— Exercise goal —
Your task is to transcribe, word for word, the line containing "zseton (20mm) T:AU" and all lines that follow it to the end of the entries. Leave out the pictures.

— Source information —

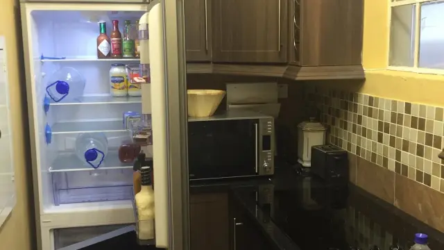 This beautifully laid out apartment features a modern fitted kitchen equipped with a ceramic top stove, seamlessly flowing into an open plan lounge and dining area designed for both relaxation and entertaining. The flat has a prolific borehole complemented by a neat, well-maintained bathroom and toilet, offering functionality with a clean, contemporary finish.
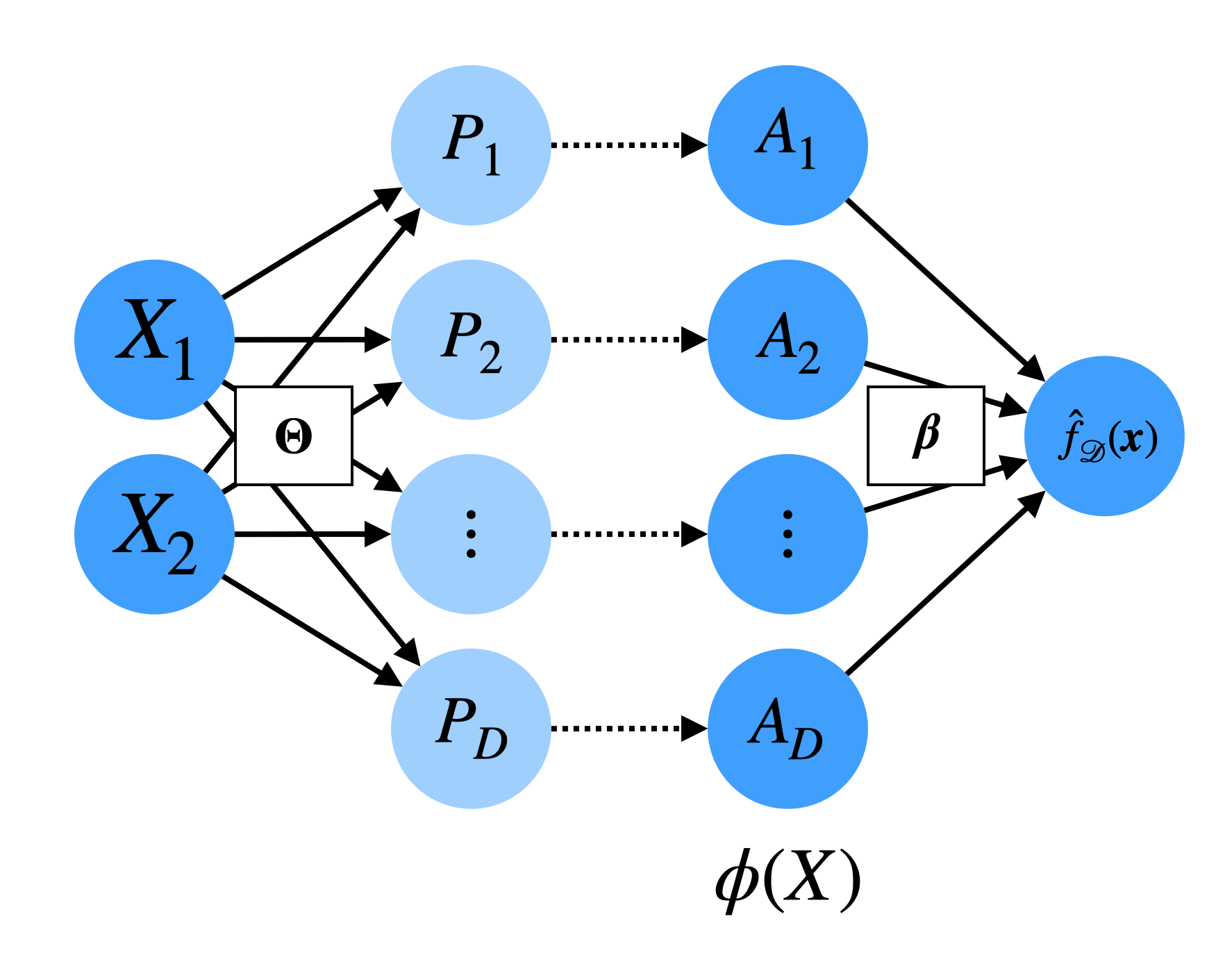 - These basis functions come from \(L\) layers of linear combinations and non-linear activations, each of which has many learnable parameters \(\Theta^{(1)}, \ldots, \Theta^{(L)}\).
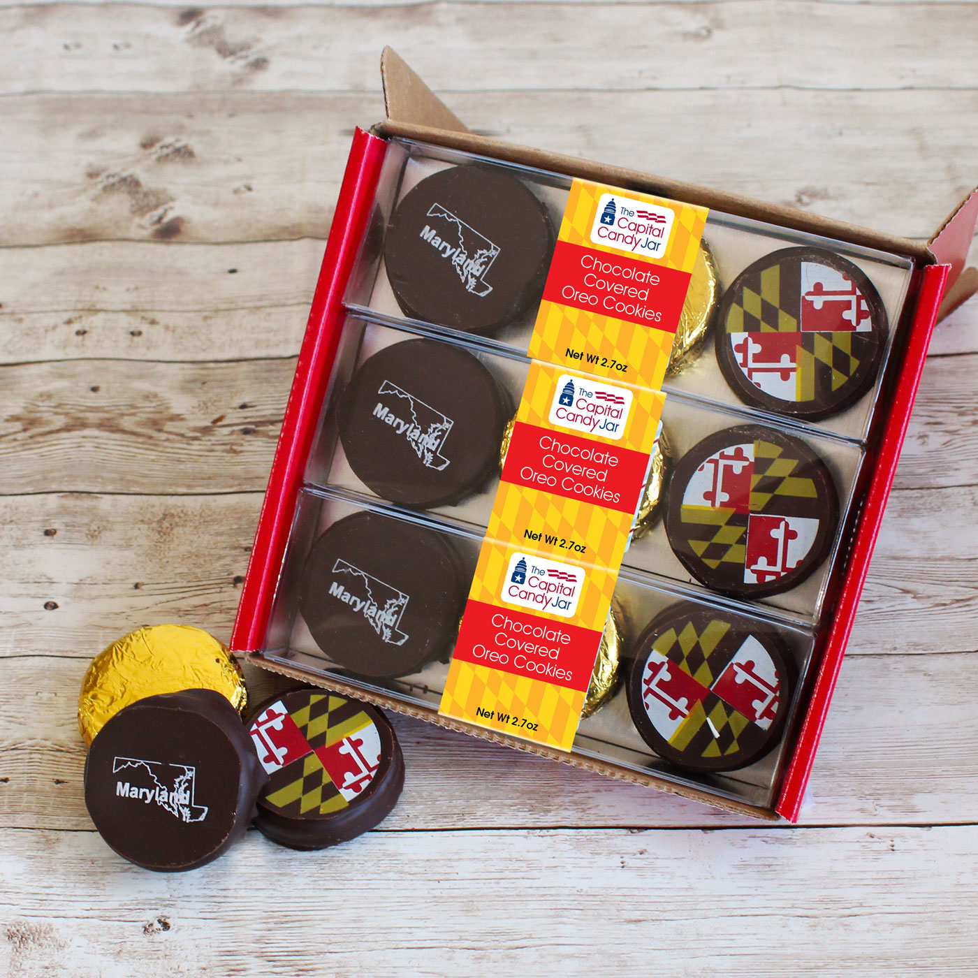 This festive red gift box holds three packs of our Maryland-inspired chocolate covered Oreos, totaling nine delicious cookies. Inside each pack, you'll find a dark chocolate Oreo featuring the Maryland flag in cocoa butter, another dark chocolate Oreo embossed with Maryland’s state outline, and a milk chocolate Oreo wrapped in shiny gold foil. Perfect for a tasty tribute to the Old Line State!
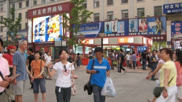回来仍是919,在德胜门附近的地铁坐到了王府井。这条步行街,就是更宽了些,周边的商场更气派了些,相比前门大栅栏,更现代了些。兴冲冲地买了根号称现做的冰糖葫芦(6元)。说来难以置信,生平第一次吃到冰糖葫芦。小时候,倒不是没有条件,就是不感兴趣。果然8颗,我勉强吃了2颗,其余地添了一遍,就扔了。我自问很少浪费粮食,一直很节约,但我现在学会有些东西不喜欢就不要勉强,要拿得起,放得下。放下冰糖葫芦,很是轻松,又买了些零食特产。
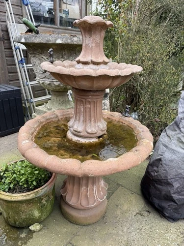 Garden Fountain 2 Tier Terracotta Effect Reconstituted Stone Water Feature
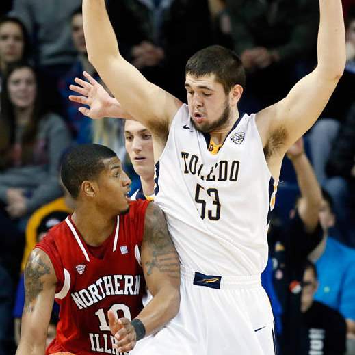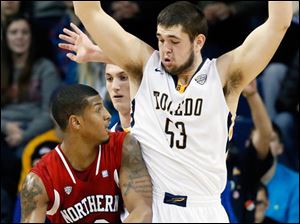 University of Toledo center Nathan Boothe (53) shoots against Northern Illinois forward Darrell Bowie (10).
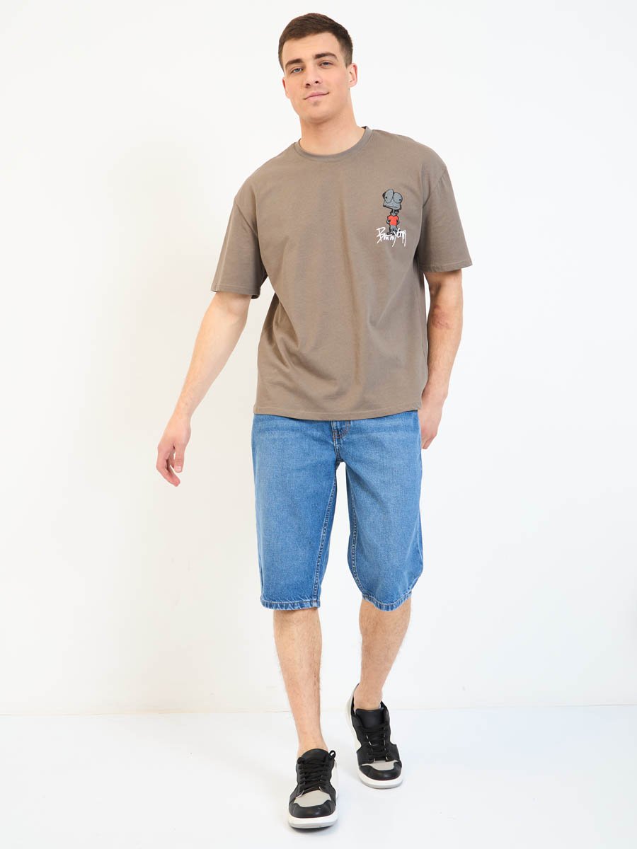 Мужские классические  джинсовые шорты с пятью карманами. Посадка Regular fit (полуоблегающие по бедру), Средняя талия  спереди и высокая сзади, немного зауженные к низу.Застежка на молнии. Выполнены из традиционной хлопковой  ткани denim. Средняя стирка с потёртостями и "усами" спереди и потёртостями сзади.
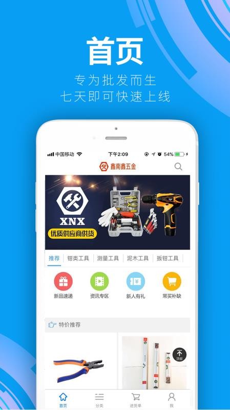 《鑫南鑫》是一款为五金行业的供货商们提供服务的软件,让供货商能够轻松采购各种类型的五金工具,满足不同用户需求。应用中有多种功能,用户可以在这里看到各种类型的五金工具,根据自己店铺的库存情况快速采购进货,更轻松的经营店铺。用户通过软件能够看到各种优惠活动内容,通过各种活动享受更多订货折扣,从而能够节省自己的经营成本。
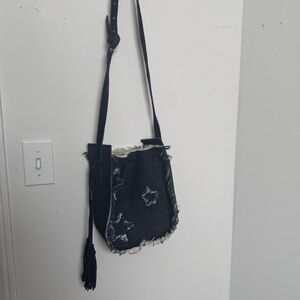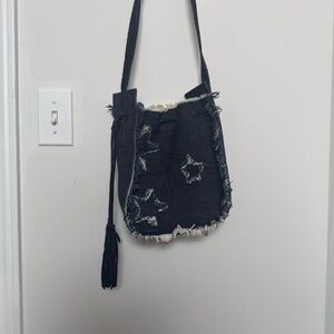 Denim & genuine leather Stylish Fringe Shoulder Bag y2k stars coastal cowgirl
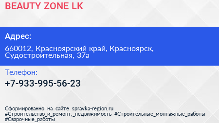 BEAUTY ZONE LK по адресу 660012, Красноярский край, Красноярск, Судостроительная, 37а в дальнейшем Организация, размещена в следующих категориях:
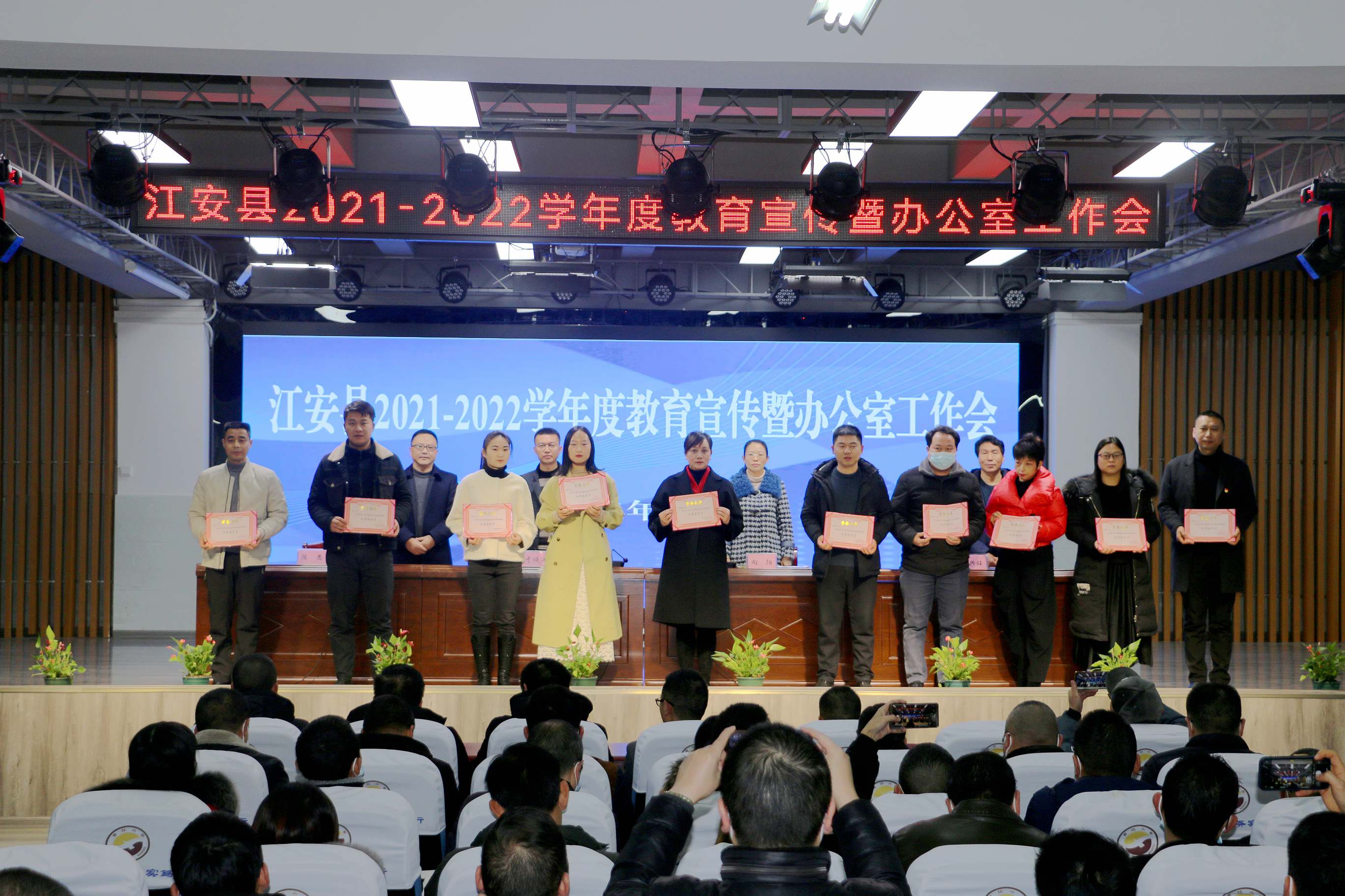会议总结回顾了上学年度江安教育宣传工作取得的成绩,深刻剖析了存在的不足,对新学年度教育宣传工作进行了安排部署;宣布了荣获2020-2021学年度四川省教育报刊社学刊用刊先进集体和先进个人、江安县教育宣传工作先进单位和优秀通讯员名单,并进行了现场颁奖。
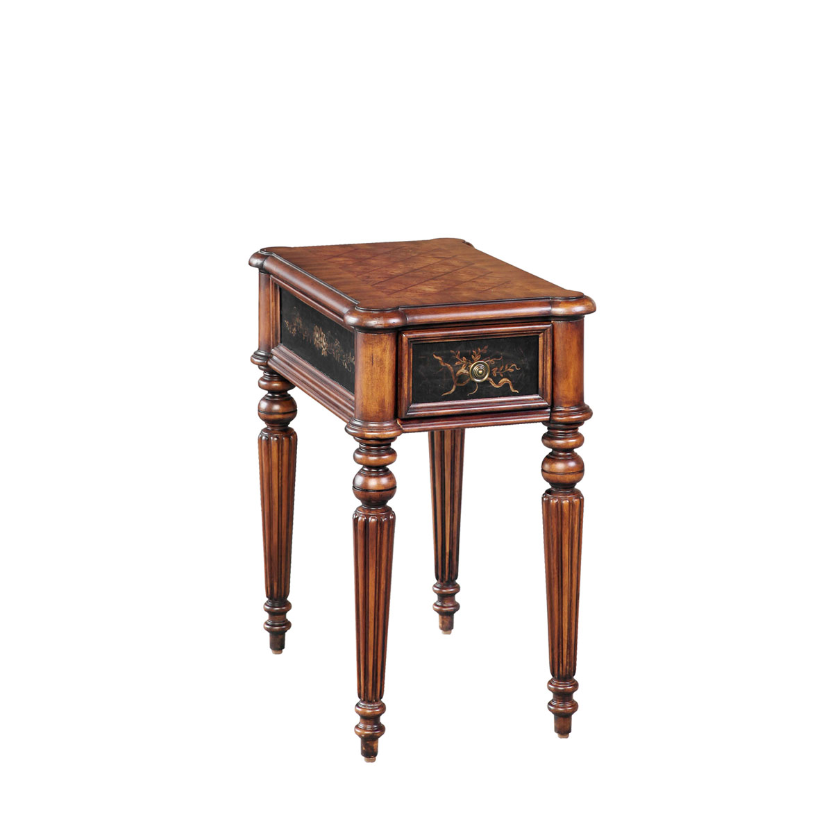 * 以18世纪英吉利——“日不落帝国”为设计主题,将东西方的多种艺术元素结合在一起。精致的木皮贴面,展现了高档木材的天然纹理,带出独特的立体感;黑底金漆的山水手绘,颇具东方情调。配上Sheraton(谢拉顿风格)的锥形凹槽柱和层板设计,是经典系列英吉利经典英式长方咖啡桌的特色。
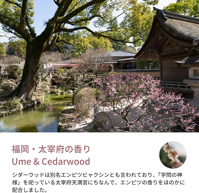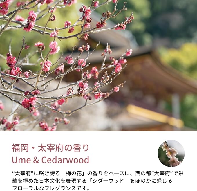 ■香りの特徴:Ume & Cedarwood “太宰府”に咲き誇る「梅の花」の香りをベースに、西の都”大宰府”で栄華を極めた日本文化を表現する「シダーウッド」をほのかに感じるフローラルなフレグランスです。 ちなみに、シダーウッドは別名エンピツビャクシンとも言われており、「学問の神様」を祀っている太宰府天満宮にちなんで、エンピツの香りをほのかに配合しました。
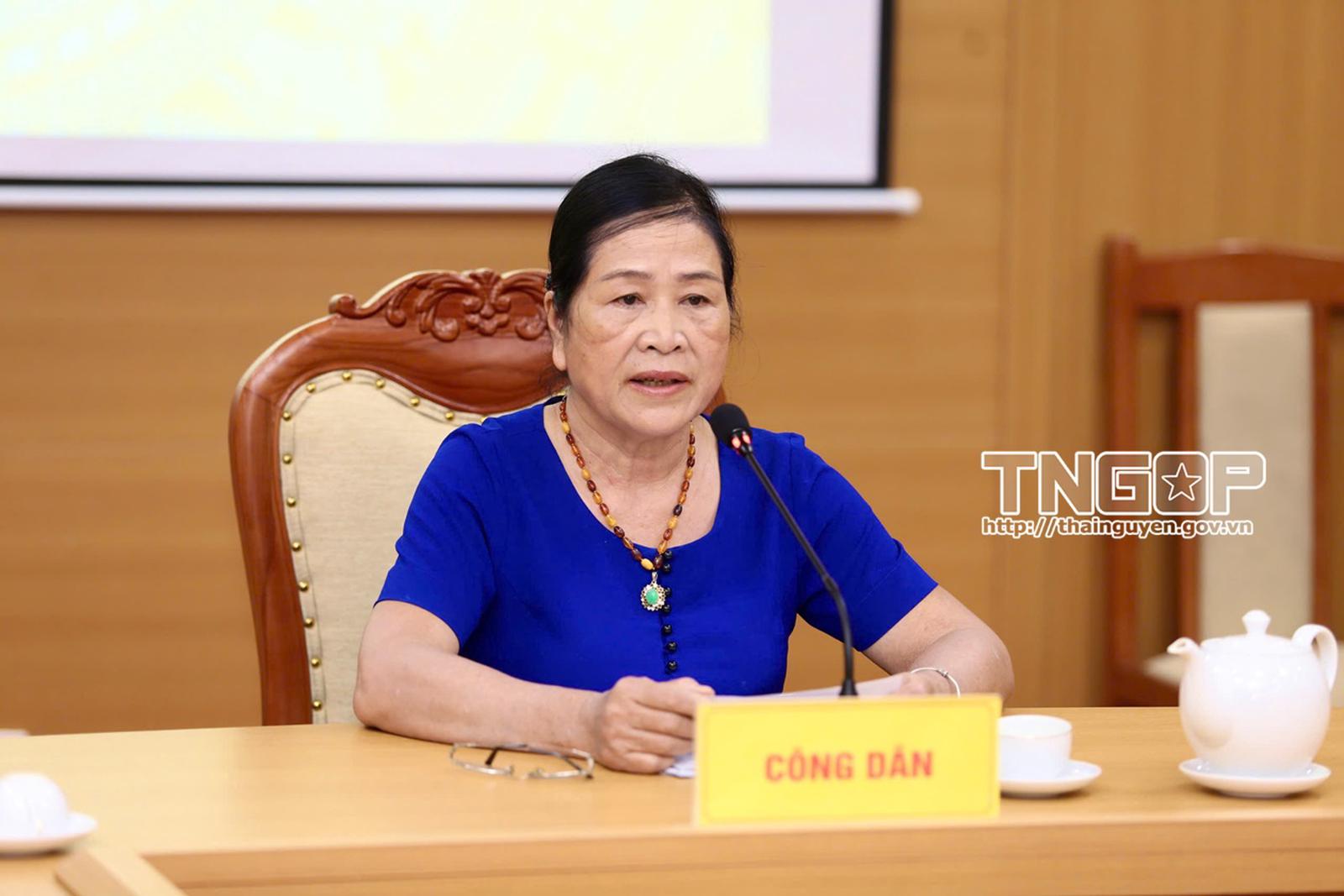 Tại buổi tiếp, công dân Toàn Thị Yên, sinh năm 1959, là giáo viên nghỉ hưu, hiện đang cư trú tại tổ dân phố Trung Hòa, xã Đại Phúc, tỉnh Thái Nguyên trình bày tâm tư, nguyện vọng của bản thân.
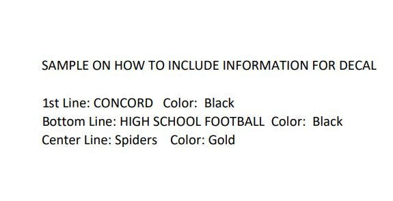 BOTTOM LINE: Words to Use (e.g. HIGH SCHOOL FOOTBALL) – Color Choice (e.g. Black)
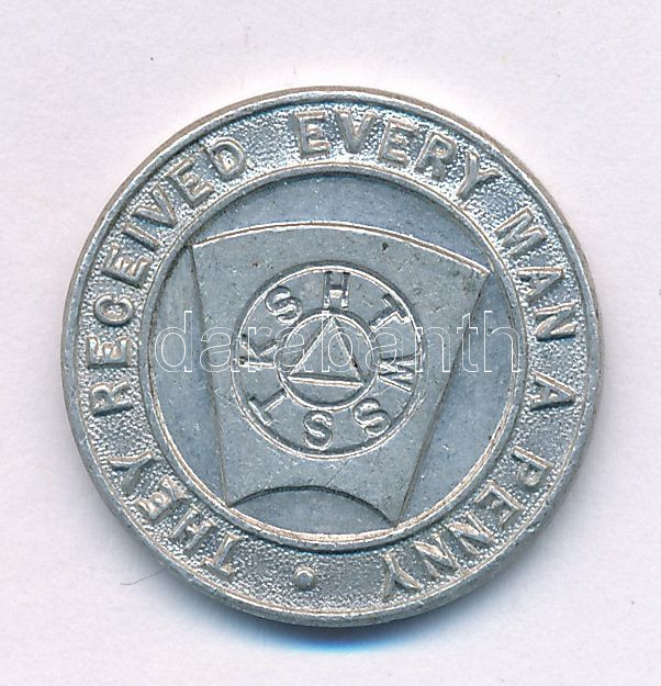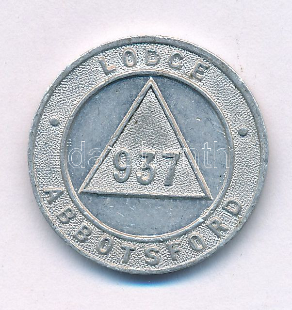 Kanada DN "Lodge Abbotsford - 937 / They received every man a penny (Abbotsfordi páholy - 937 / Minden ember kapott egy penny-t)" kétoldalas Al szabadkőműves zseton (20mm) T:AU
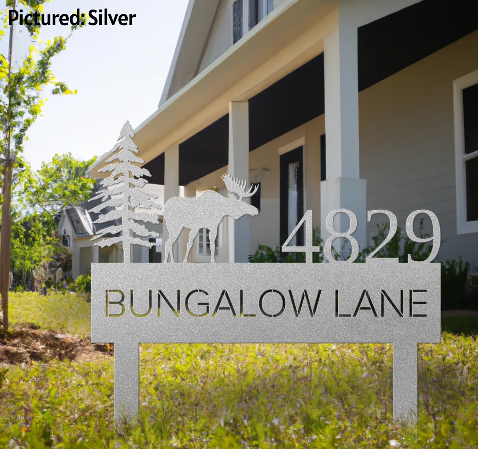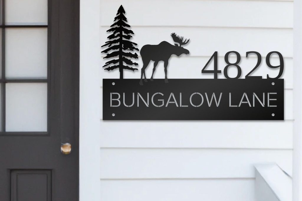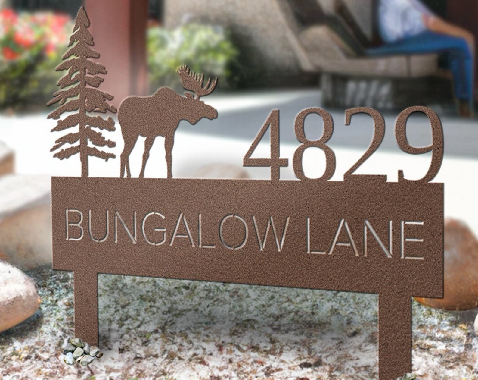 Outdoor Metal SigntAddress Sign YardtSteel Street NumbertFamily Name SigntFront Porch DoortWith Stakes GroundtMountain CabintMoose DecortHousewarming GiftstNew HomeownertRealtor Closing Gifttlarge big copper redtblack white silver
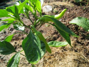 Not to be outdone, the banana peppers are producing a couple of fruit.
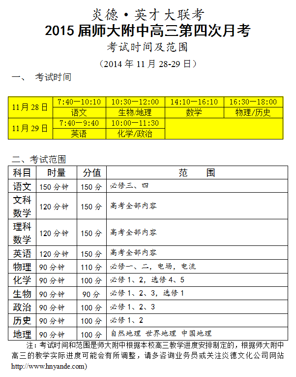 炎德英才大聯(lián)考師大附中2015屆高三第4次月考考試時(shí)間和范圍(2014.11.28-29)

— Response to this exercise —
 Kanada DN "Lodge Abbotsford - 937 / They received every man a penny (Abbotsfordi páholy - 937 / Minden ember kapott egy penny-t)" kétoldalas Al szabadkőműves zseton (20mm) T:AU
 Outdoor Metal SigntAddress Sign YardtSteel Street NumbertFamily Name SigntFront Porch DoortWith Stakes GroundtMountain CabintMoose DecortHousewarming GiftstNew HomeownertRealtor Closing Gifttlarge big copper redtblack white silver
 Not to be outdone, the banana peppers are producing a couple of fruit.
 炎德英才大聯(lián)考師大附中2015屆高三第4次月考考試時(shí)間和范圍(2014.11.28-29)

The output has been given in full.